But what happened still had the power to shock, and was viewed as a grim example of how western private security companies were seemingly immune from scrutiny and prosecution for acts of extreme violence.
Donald Trump has now pardoned four guards who were found guilty in 2014 – seven years on – of the killings. One was convicted of first-degree murder and sentenced to life imprisonment, the others of voluntary and attempted manslaughter, and jailed for 30 years each. Trump has issued a slew of pardons as he faces leaving the White House, albeit while still protesting that he has won the election.
Most of those are related to investigations that he was the Muscovian candidate for the White House, like his former national security advisor, Michael Flynn, and friend and confidant Roger Stone. The Blackwater pardons were alongside those of George Papadopoulos, a former campaign official, and Alex van der Zwaan, the son-in-law of the Russian billionaire German Khan, who had both been found guilty of lying to federal officials on Russia inquiries.
But Trump has also issued pardons for American service personnel and contractors who had killed civilians or suspects in conflict zones. Last November he pardoned a former US Army commando over the killing of a suspected Afghan bomb-maker, and a former army lieutenant convicted of murder of three Afghans after telling his men to fire on them.
Trump’s apparent empathy with these men cannot be based on shared experiences in combat zones. The outgoing president is a Vietnam draft-dodger and has described American war heroes as “losers”. Erik Prince, the founder of Blackwater, is the brother of Betsy DeVos, the education secretary, but there is no evidence that any untoward pressure was brought to bear on the Blackwater pardons.
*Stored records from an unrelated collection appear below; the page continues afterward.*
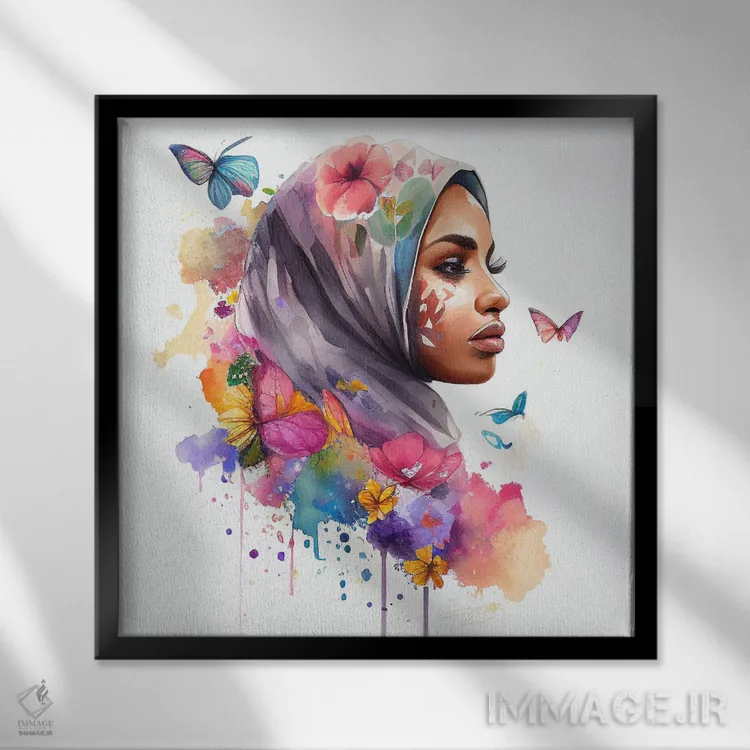 تابلو دکوراتیو زن عرب مسلمان با گل های آبرنگی هفتم اثر استودیو کروماتیک فیوژن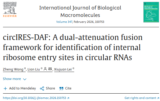 近日,陕西师范大学刘恋研究员团队在 International Journal of Biological Macromolecules 上发表最新研究成果:circIRES-DAF: A dual-attenuation fusion framework for identification of internal ribosome entry sites in circular RNAs。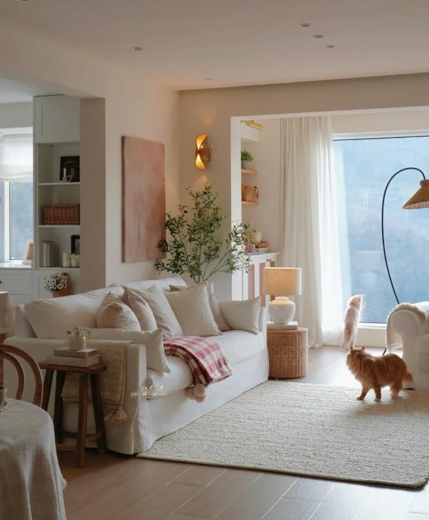 全屋颜色要有主次,墙面、地面、窗帘这些大面积色块选同色系,沙发、挂画、抱枕这些点缀色可以跳一点,但全屋颜色别超过3种。网友@小太阳说:“我家定了奶油白+原木色,怎么搭都不出错。”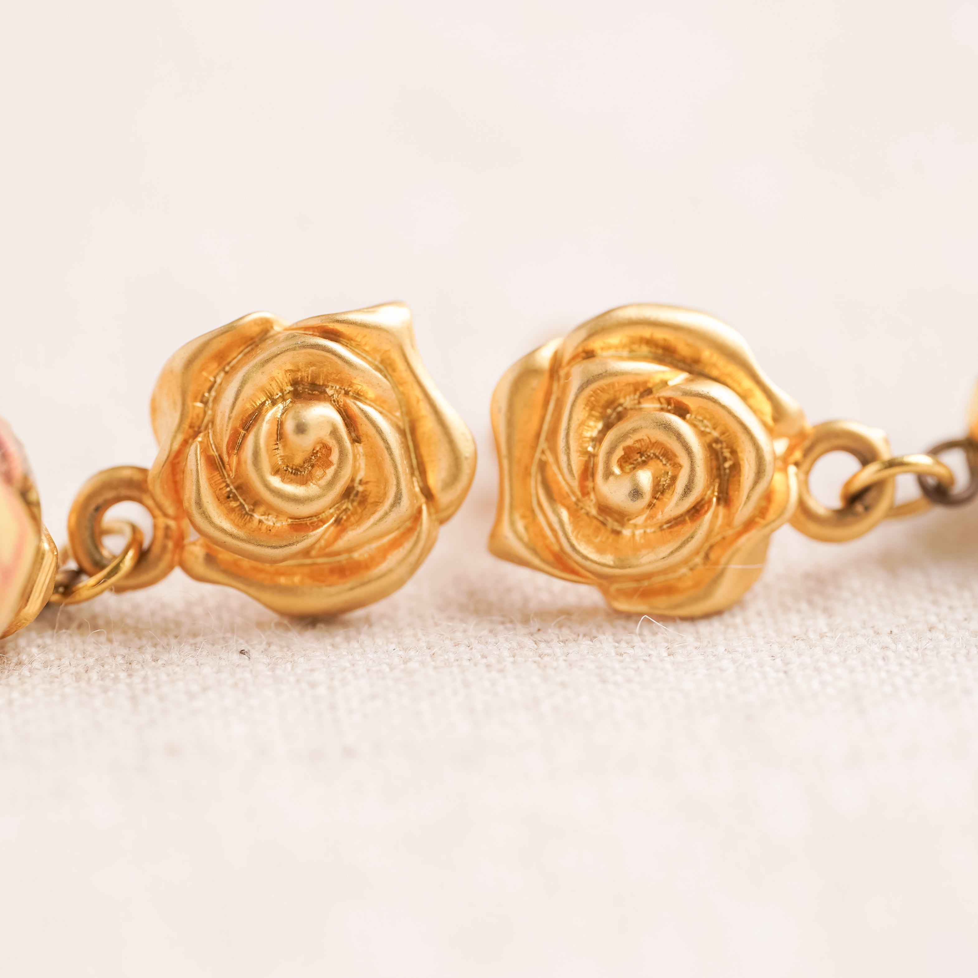 These exquisite vintage earrings feature an elegant combination of gold-toned rose charms and hand-painted ceramic baubles. The ceramic drops are adorned with delicately rendered rose motifs—likely influenced by the Romantic and Pre-Raphaelite styles of the 19th century—showcasing fine detailing in the petals and a soft, romantic palette of dusty pinks and deep mauves. The result is a piece that exudes the timeless poetics of floral art, carried gently in motion with the wearer’s steps.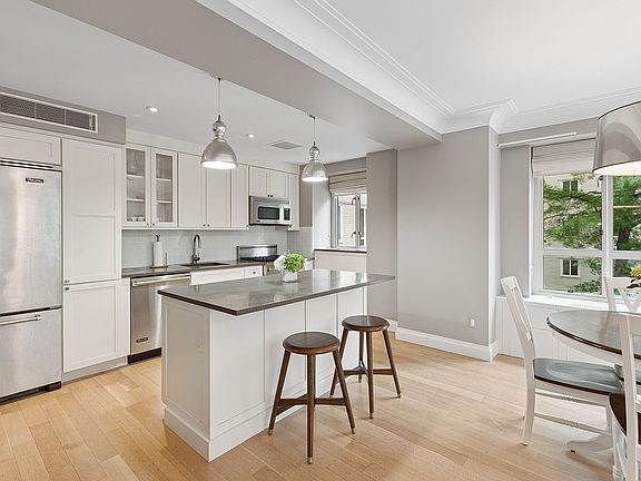 An inviting foyer opens to a spacious great room with oversized windows bathing the home in natural light through southern and eastern exposures. Overlooking the private gardens of Manhattan House, the open floor plan feels airy and elegant with 4-inch white oak hardwood floors and beautiful crown molding. The windowed kitchen is equipped with top-of-the-line Viking Professional stainless-steel appliances including a wine cooler, Ann Sacks glass tile backsplash and Caesar stone counter top/center island. A gracious bedroom, facing the garden, features a wall of closets. The master bath features a Zocalo Creme marble floor and walls with polished chrome fixtures. The layout of this one bedroom is ideal with the bathroom and a Bosch washer/dryer just outside the bedroom. A perfect pied a terre or primary residence and the building is pet friendly.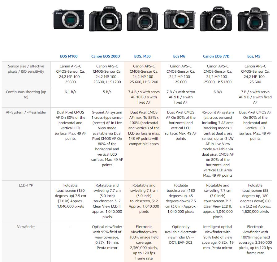 E.g. let’s assume a customer wants to buy a new DSLR camera, but is relatively new to photography. They will face confusion when they come across certain details such as, ISO sensitivity, focal length, shutter speed, etc. When comparing models too, they will come across a table as shown below: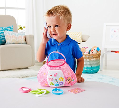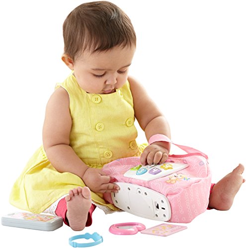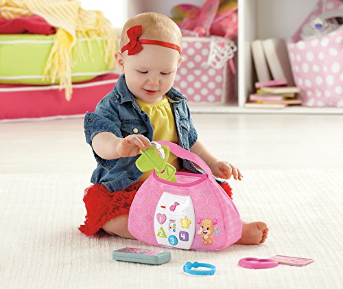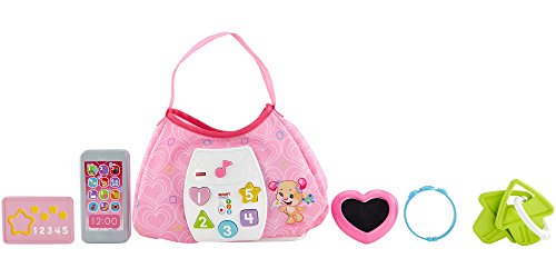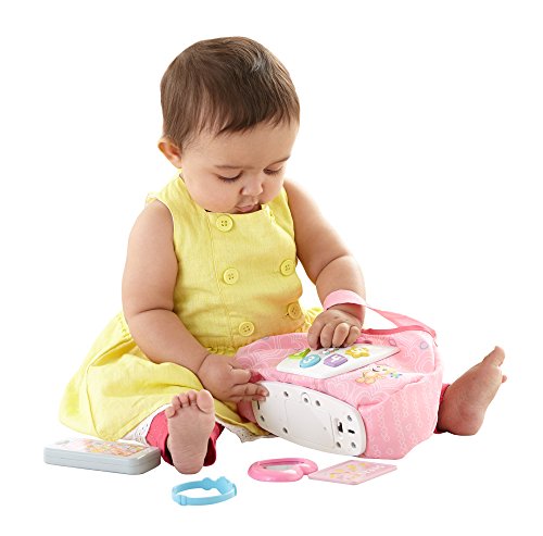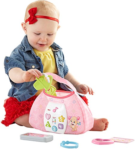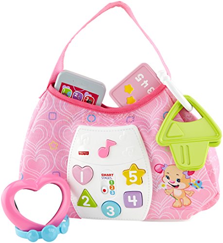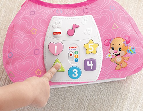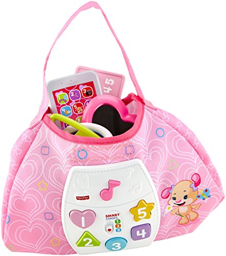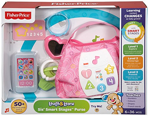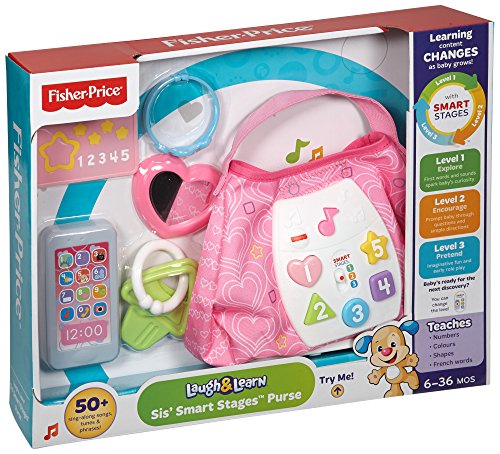 Baby's ready to go with Sis' Smart Stages Purse! This stylish soft pink purse is loaded with five play pieces and Smart Stages sing-along songs, words and phrases that teach all along the way! Press the shape buttons on the front to introduce baby to shapes, numbers and colors in English and Spanish. The rattle phone, heart mirror, bracelet, credit card and clacker keys help exercise baby's fine motor skills and foster early role play. All accessories fit inside, so baby can get "carried away" with the fun at home or on-the-go! Sis' Smart Stages Purse includes Smart Stages technology, an exciting new way to change learning content as baby grows. Every baby develops at his or her own pace, and Smart Stages technology gives you the ability to select the stage that's best for your child! There are a variety of developmentally appropriate songs, phrases and sounds within three levels of play - just slide the switch for level changes. Smart Stages Technology Level 1 - Explore - 6M+ First words and sounds spark baby's curiosity Level 2 - Encourage - 12M+ Prompt baby through questions and simple directions Level 3 - Pretend - 18M+ Imaginative fun and early role play.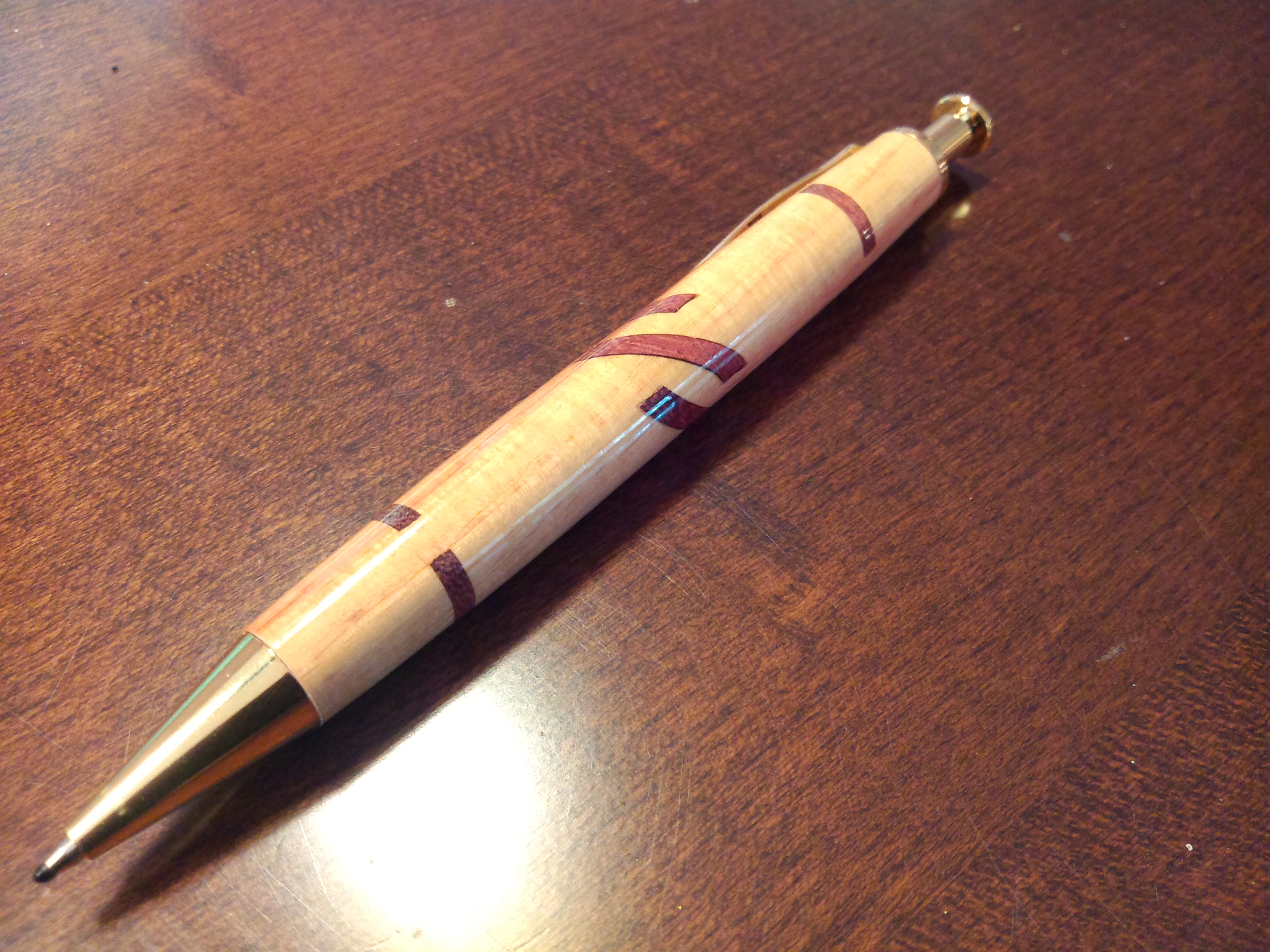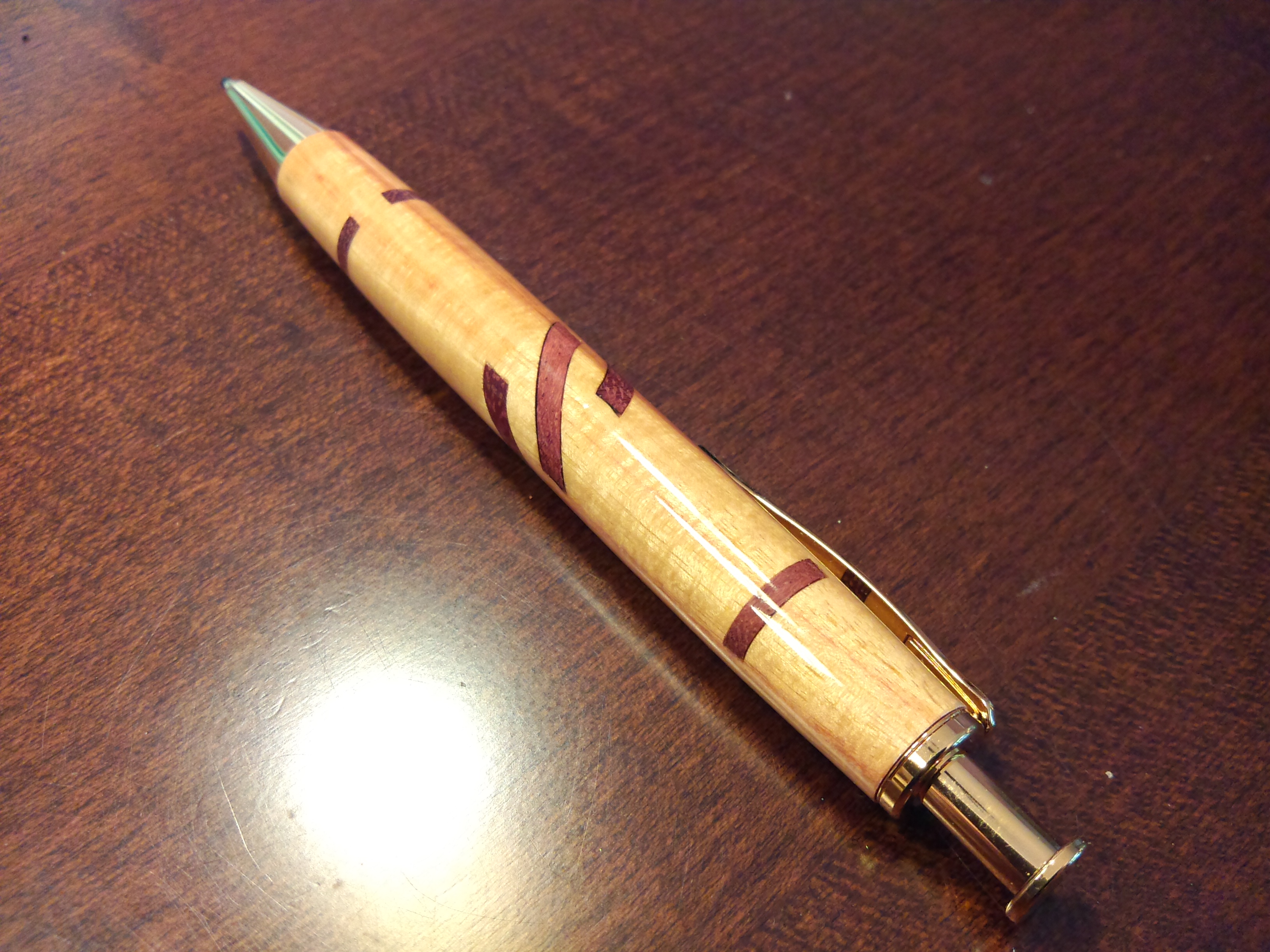 Here are few photos of the end result of what I have dubbed the “Lazy S” Design segmented pen. Then I have placed a photo or two of both of the recent segmented pens together. Which is your favourite?

I was in Baghdad’s Nisour Square, in Mansour district, on the afternoon of 16 September with Iraqi colleagues. The killings were brutal and unprovoked. We did not see or hear the supposed ambush, which the Blackwater guards claimed had made them start shooting. Terrified men, women and children were mowed down as they tried to flee from the ferocious gunfire, cars were set on fire inflicting burns on those inside.
There was an outpouring of anger from Iraqis: but there was also the underlying feeling that this was, after all, Iraq, where atrocities were common including those involving security companies.
No one expected much to be done. The widely prevalent view was expressed by Hassan Jabar Salman, a lawyer who was shot in the back as he attempted to get away from the American convoy.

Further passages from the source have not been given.